What you have to do: Using the data below, reproduce exactly the lines from the line with "商品相册:得力(deli)雾透按动中性笔签字笔 0.38mm全针管简约无印风按动笔水笔 黑色" to the line with "ست هدیه خاتم", both included; pictures must be dropped.
───── Records shown
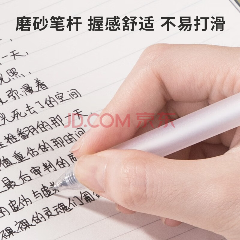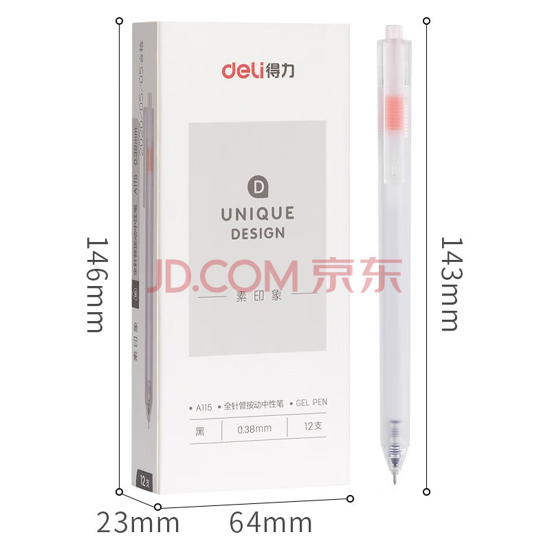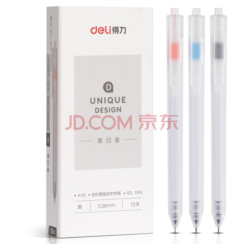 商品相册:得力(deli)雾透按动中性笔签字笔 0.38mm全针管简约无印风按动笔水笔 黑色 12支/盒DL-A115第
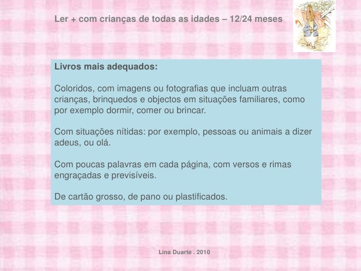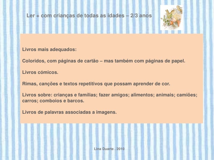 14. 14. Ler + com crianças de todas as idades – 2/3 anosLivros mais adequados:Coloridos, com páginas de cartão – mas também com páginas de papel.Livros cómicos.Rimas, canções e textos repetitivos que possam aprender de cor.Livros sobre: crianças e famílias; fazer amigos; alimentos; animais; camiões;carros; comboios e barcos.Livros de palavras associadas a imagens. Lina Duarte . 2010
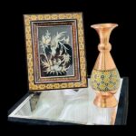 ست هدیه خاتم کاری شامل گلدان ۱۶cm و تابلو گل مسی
──────────
───── Records shown
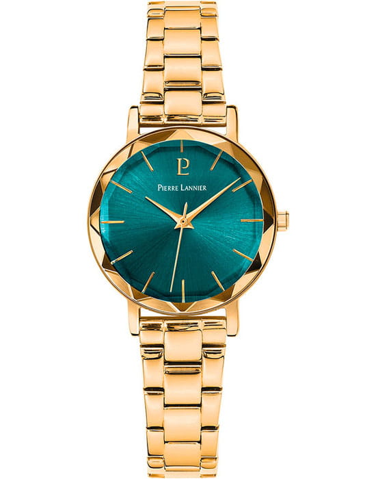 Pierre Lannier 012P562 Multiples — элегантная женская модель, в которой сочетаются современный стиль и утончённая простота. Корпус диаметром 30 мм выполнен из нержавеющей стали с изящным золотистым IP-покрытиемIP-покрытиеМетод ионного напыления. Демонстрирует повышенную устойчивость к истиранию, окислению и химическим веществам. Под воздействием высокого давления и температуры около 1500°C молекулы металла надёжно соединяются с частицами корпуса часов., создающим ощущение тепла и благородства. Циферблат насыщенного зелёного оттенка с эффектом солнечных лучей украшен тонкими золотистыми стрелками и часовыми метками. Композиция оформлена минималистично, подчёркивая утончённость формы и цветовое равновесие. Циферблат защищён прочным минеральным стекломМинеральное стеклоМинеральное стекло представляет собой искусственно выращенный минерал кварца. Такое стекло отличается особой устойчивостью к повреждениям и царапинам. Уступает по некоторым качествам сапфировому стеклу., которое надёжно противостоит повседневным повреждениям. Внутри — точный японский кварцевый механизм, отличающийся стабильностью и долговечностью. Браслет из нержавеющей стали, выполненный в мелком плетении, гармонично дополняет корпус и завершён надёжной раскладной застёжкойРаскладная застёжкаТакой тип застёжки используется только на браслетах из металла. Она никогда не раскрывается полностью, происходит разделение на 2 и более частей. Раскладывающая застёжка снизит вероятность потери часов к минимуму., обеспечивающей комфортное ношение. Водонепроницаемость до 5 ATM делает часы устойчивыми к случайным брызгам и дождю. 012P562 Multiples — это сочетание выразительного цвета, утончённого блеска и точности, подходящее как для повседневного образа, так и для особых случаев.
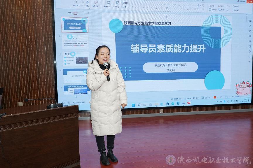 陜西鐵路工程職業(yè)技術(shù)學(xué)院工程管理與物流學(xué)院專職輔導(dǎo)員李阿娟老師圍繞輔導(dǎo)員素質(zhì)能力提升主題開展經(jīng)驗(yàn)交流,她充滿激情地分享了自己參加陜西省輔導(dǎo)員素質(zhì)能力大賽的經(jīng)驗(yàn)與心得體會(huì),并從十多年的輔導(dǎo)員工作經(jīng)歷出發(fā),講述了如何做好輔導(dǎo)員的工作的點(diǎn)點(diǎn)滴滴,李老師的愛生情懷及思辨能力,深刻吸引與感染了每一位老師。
──────────
───── Records shown
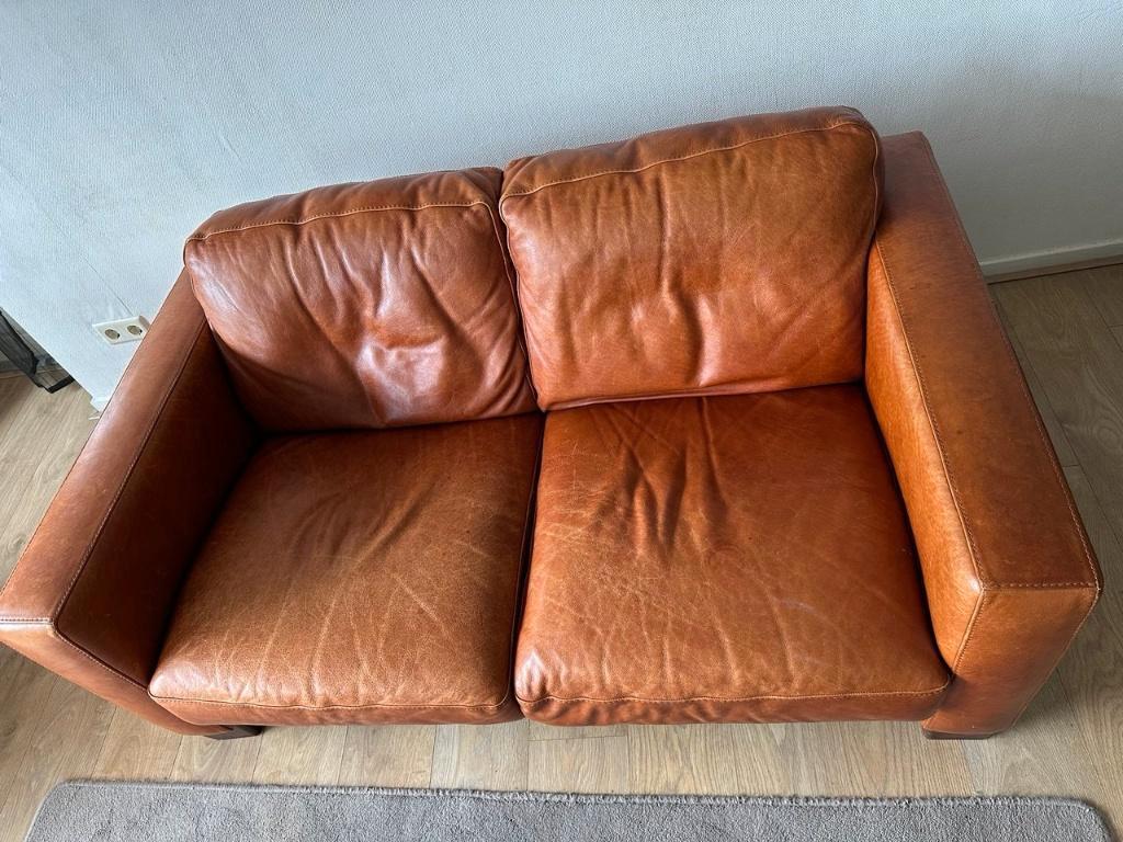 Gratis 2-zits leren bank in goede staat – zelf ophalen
──────────
Output for this exercise:
 商品相册:得力(deli)雾透按动中性笔签字笔 0.38mm全针管简约无印风按动笔水笔 黑色 12支/盒DL-A115第
 14. 14. Ler + com crianças de todas as idades – 2/3 anosLivros mais adequados:Coloridos, com páginas de cartão – mas também com páginas de papel.Livros cómicos.Rimas, canções e textos repetitivos que possam aprender de cor.Livros sobre: crianças e famílias; fazer amigos; alimentos; animais; camiões;carros; comboios e barcos.Livros de palavras associadas a imagens. Lina Duarte . 2010
 ست هدیه خاتم کاری شامل گلدان ۱۶cm و تابلو گل مسی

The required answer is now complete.